The Dallas Morning News in Texas. “Texas is the nation’s largest oil-producing state, and many companies related to the oil industry are based here and employ many people who spend money on goods and services provided by other businesses. Oil and gas account for about 11 percent of the state’s economic output. ‘I think we’re starting to see the first impact on [energy] sector employment,’ said Boyd Nash-Stacey, economist for BBVA Compass bank in Houston. ‘It takes about a quarter for the impact of prices to affect the real economy. The main concern we have is how this spills over to the rest of the economy.’”
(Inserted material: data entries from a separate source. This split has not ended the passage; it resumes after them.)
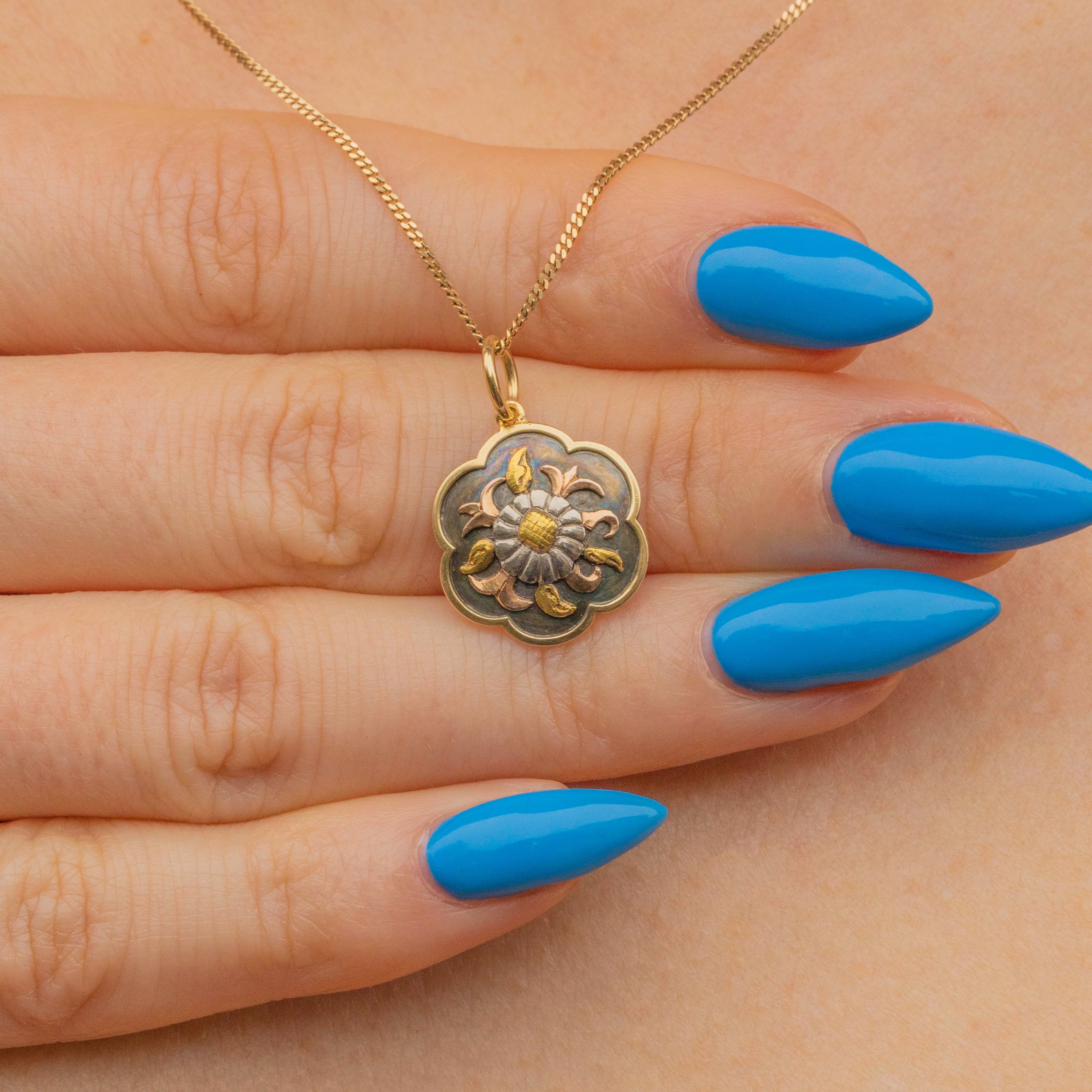 This is such a sweet Art Nouveau 18ct Gold daisy flower pendant! Celebrating the daisy flower, this pendant is symbolic of new beginnings and hope.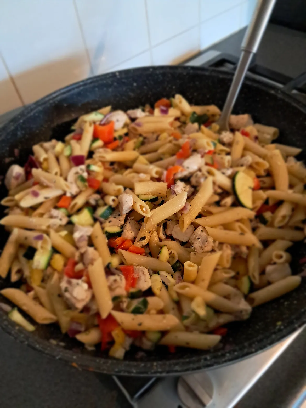 5) Alles samenvoegen: Doe de kip terug in de pan samen met de pasta. Breng op smaak met oregano, basilicum, peper en eventueel wat zout (let op: feta is al zout). Verkruimel daarna de helft van de feta erdoor en roer goed door. Of voeg de feta pas als laatste stap bij het serveren toe, voor een frissere bite.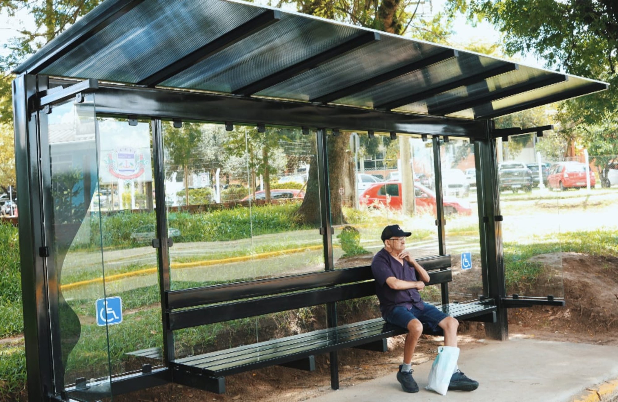 Os novos abrigos são feitos de ferro, com cobertura e proteções laterais em acrílico, projetados para oferecer maior proteção contra chuva e vento. Cada unidade possui cinco metros de extensão e custo de R$ 18.217,60.

“Michael Feroli, chief U.S. economist for JPMorgan Chase, takes a bleak view of what an oil industry slowdown might mean for Texas. ‘We think Texas will, at the least, have a rough 2015 ahead, and is at risk of slipping into a regional recession” if oil prices remain low, he said Thursday in an economic research note. A slowdown also could affect the housing market in some Texas metro areas where home prices have become ‘quite dear,’ he said.”

The Longmont Times Call in Colorado. “Total construction activity in Colorado for 2015 is forecast to increase by $1.4 billion, according to the annual Leeds School report. Residential permit values are expected to return to higher levels and more units are slated to be built. A surge will also be seen in nonresidential building. ‘The economic rebound is important,’ said Dan Krische, co-owner of Krische Construction in Longmont. His company enjoyed a strong 2014 and expects more of the same next year.”

“‘We are doing projects now, this year, that if the economy hadn’t rebounded would have never been done,’ Krische explained. ‘And now we have more work in Weld County because of the oil, building warehouses and offices over there.’”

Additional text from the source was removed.